Berbekal informasi tersebut, Tim Opsnal Polsek Batuceper segera melakukan pengembangan. Petugas kemudian mendatangi sebuah warung Madura di Jalan Halim Perdana Kusuma, Kelurahan Kebon Besar, yang disebut sebagai lokasi penjualan obat keras tersebut.
Dari hasil penggeledahan, polisi mengamankan terduga penjual berikut barang bukti berupa 145 butir Tramadol, satu unit telepon genggam iPhone 13 warna hitam, serta uang tunai Rp265 ribu yang diduga hasil transaksi penjualan obat keras ilegal.
Kapolres Metro Tangerang Kota, Kombes Pol. Dr. Raden Muhammad Jauhari, SH, SIK, MSi, menegaskan bahwa peredaran obat keras tanpa izin merupakan ancaman serius bagi kesehatan masyarakat, khususnya generasi muda.
“Peredaran obat keras tanpa izin merupakan salah satu bentuk kejahatan yang harus ditindak tegas karena dapat merusak kesehatan masyarakat, khususnya kalangan remaja. Kami akan terus melakukan pengawasan dan penindakan terhadap segala bentuk peredaran obat-obatan ilegal di wilayah hukum Polres Metro Tangerang Kota,” tegasnya.

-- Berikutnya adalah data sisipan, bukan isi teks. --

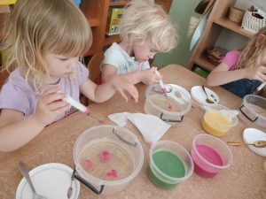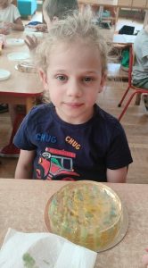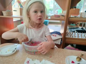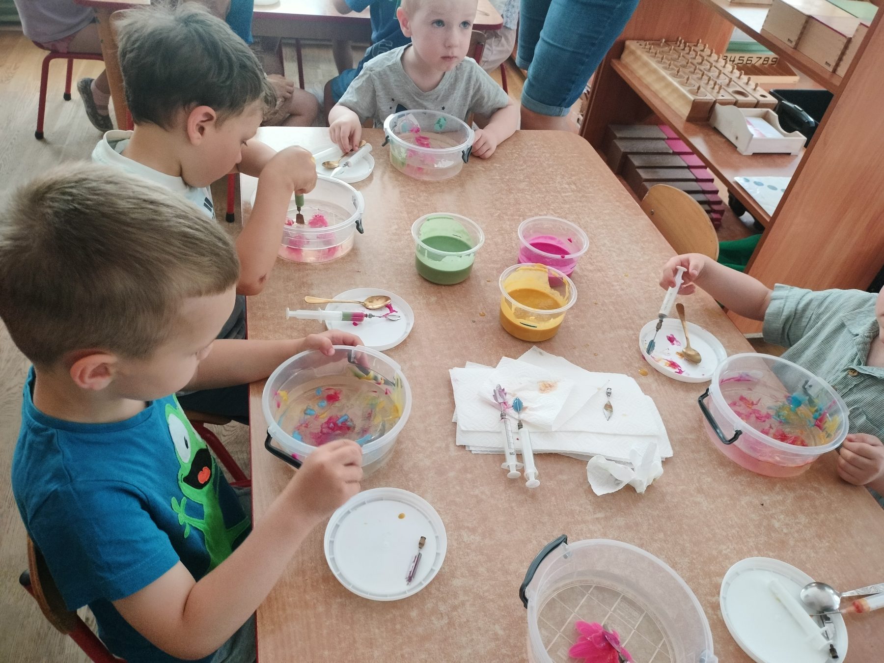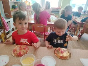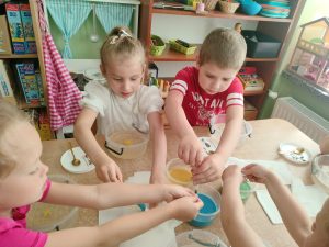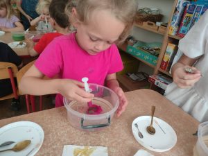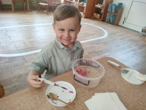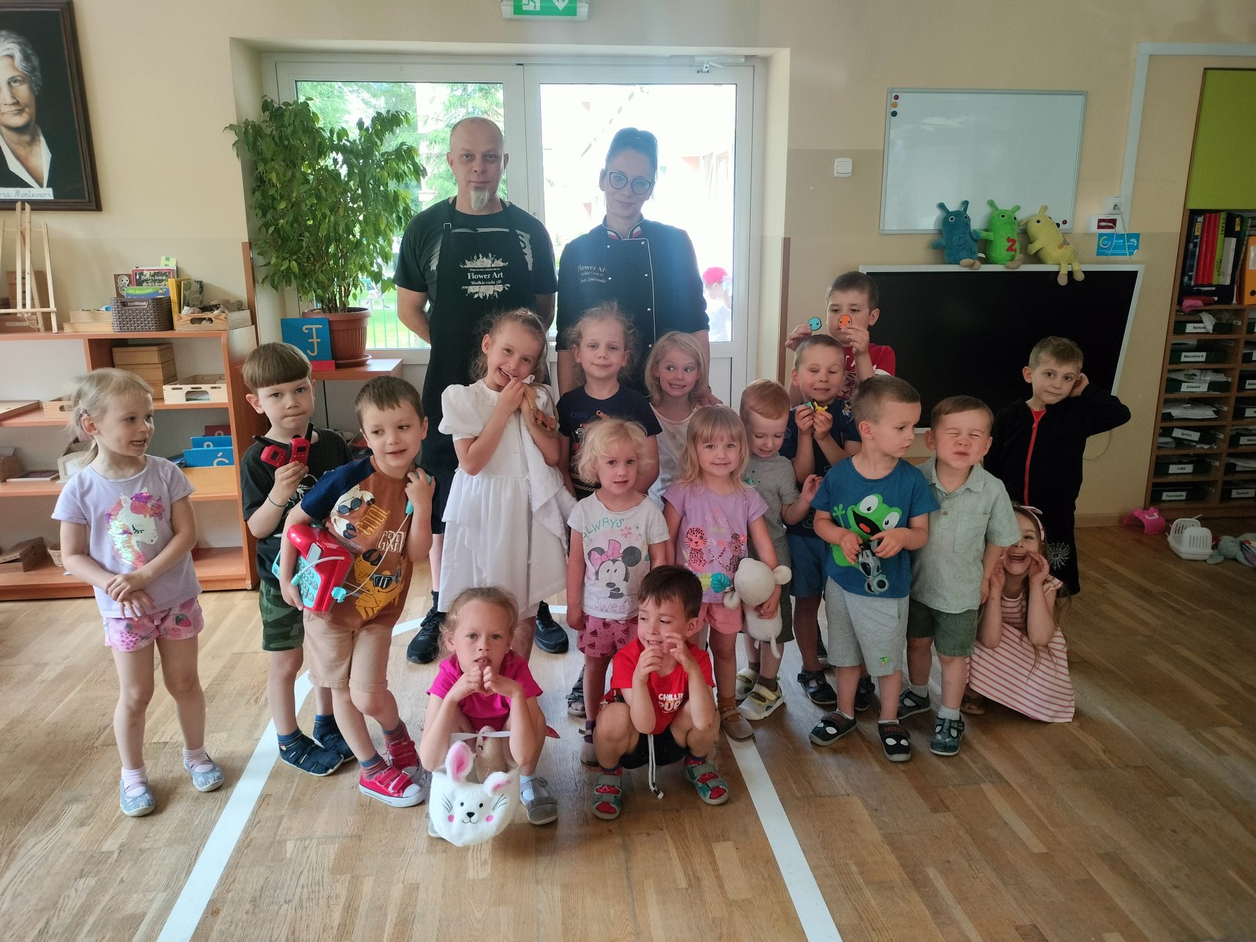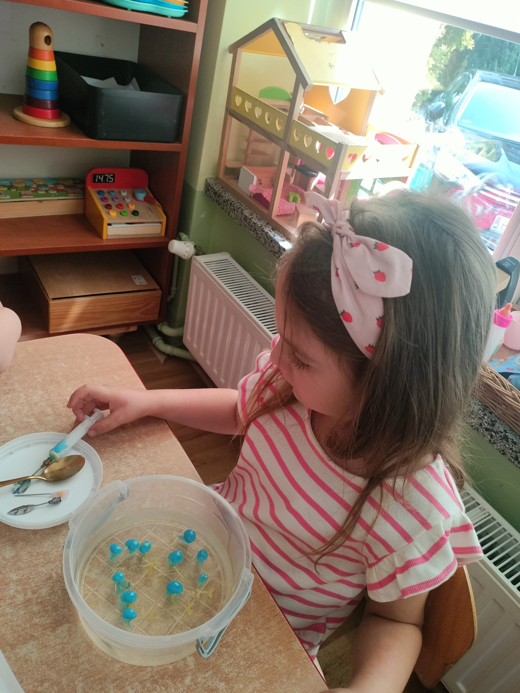 Dzieci z grupy 8 uczestniczyły w fascynujących warsztatach dekorowania galaretek techniką Jelly Art 3D. Dzięki specjalnym strzykawkom tworzyły w przezroczystej galaretce trójwymiarowe kwiaty, liście i inne elementy, które sprawiały wrażenie, jakby unosiły się w środku. To zadanie wymagało precyzji i cierpliwości, a maluchy pod okiem prowadzących z wielkim zaangażowaniem tworzyły realistyczne kompozycje – prawdziwe małe dzieła cukierniczej sztuki.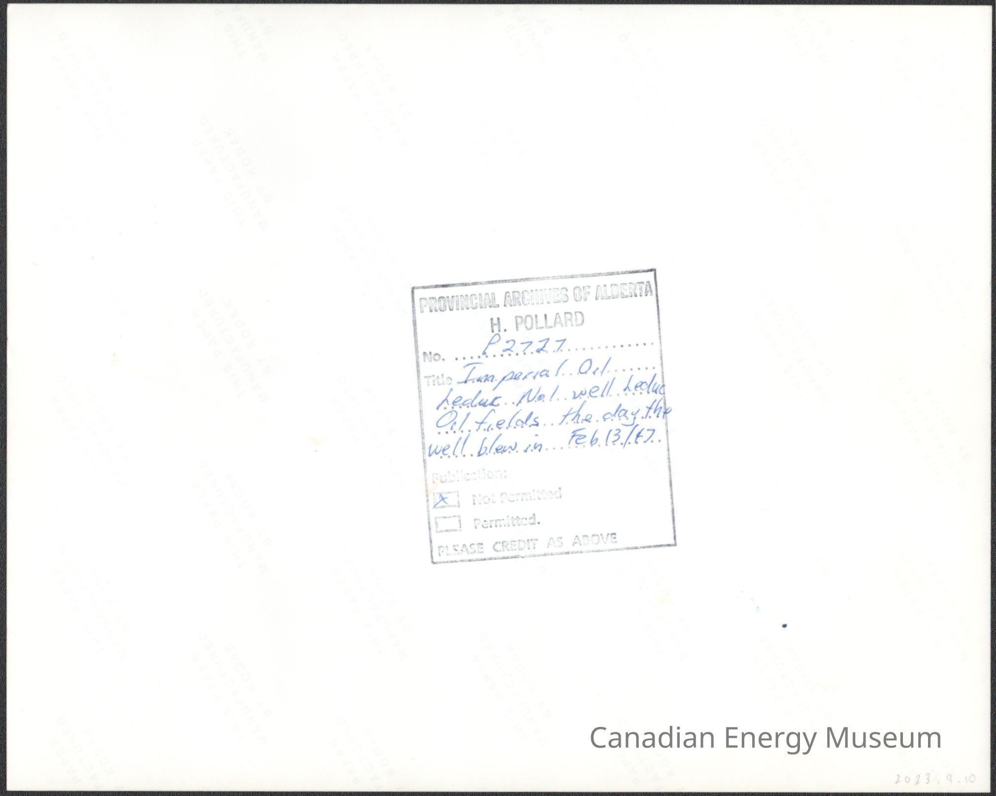 Image provided by the Provincial Archives of Alberta, No. P2727, with the title "Imperial Oil Leduc No I well Leduc Oil fields the Day the Well Blew In Feb 13 / 47".Cataloged By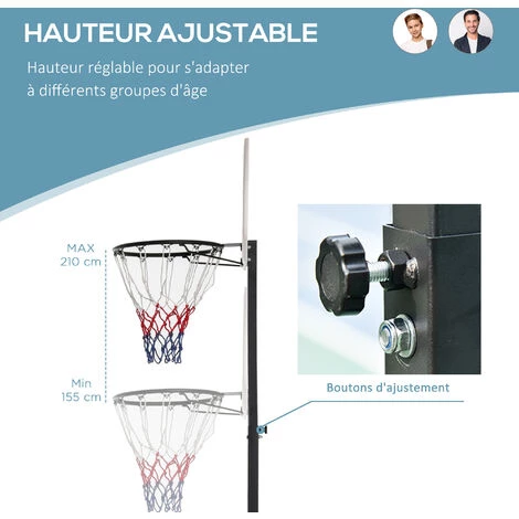 – Hauteur du panier réglable de 1,9 m jusqu’à 2,5 m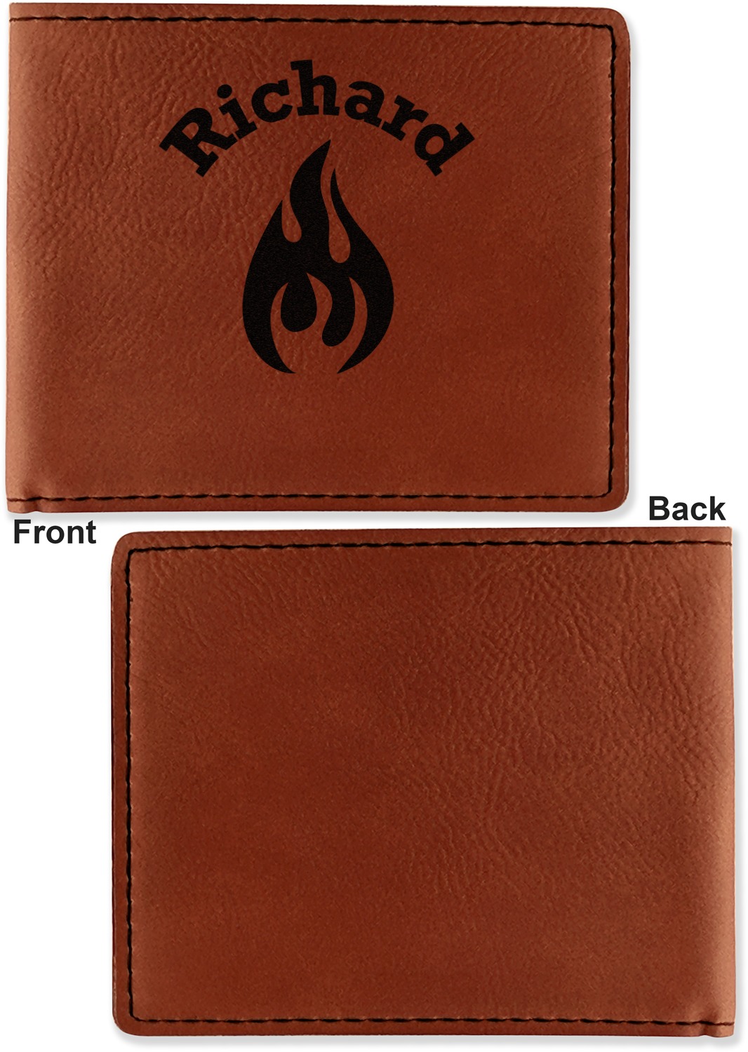 Your bifold wallet will be personalized by laser engraving, which will be a black color on the wallet. Choose a graphic, text, or monogram to personalize your wallet. There are thousands of choices in our design center.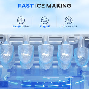 - • Ice Production: 26 lbs (12 kg)/day, 9pcs/ 6-12minutes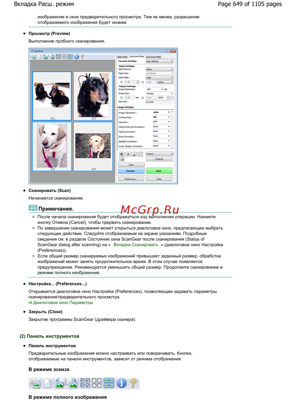 ScanGear dialog after scanning) на « Вкладка Сканировать » (диалоговое окно Настройка

Jauhari juga mengimbau masyarakat agar tidak membeli maupun mengonsumsi obat-obatan tanpa resep dokter dan pengawasan tenaga medis. Ia meminta warga aktif melaporkan apabila mengetahui adanya praktik penjualan obat keras ilegal di lingkungan sekitar.
Saat ini kedua pemuda yang diamankan bersama seluruh barang bukti telah dibawa ke Polsek Batuceper untuk menjalani pemeriksaan dan proses penyidikan lebih lanjut.
Atas perbuatannya, pelaku dijerat Pasal 435 subsider Pasal 436 ayat (2) Undang-Undang Nomor 17 Tahun 2023 tentang Kesehatan terkait peredaran sediaan farmasi tanpa izin dan praktik kefarmasian tanpa kewenangan.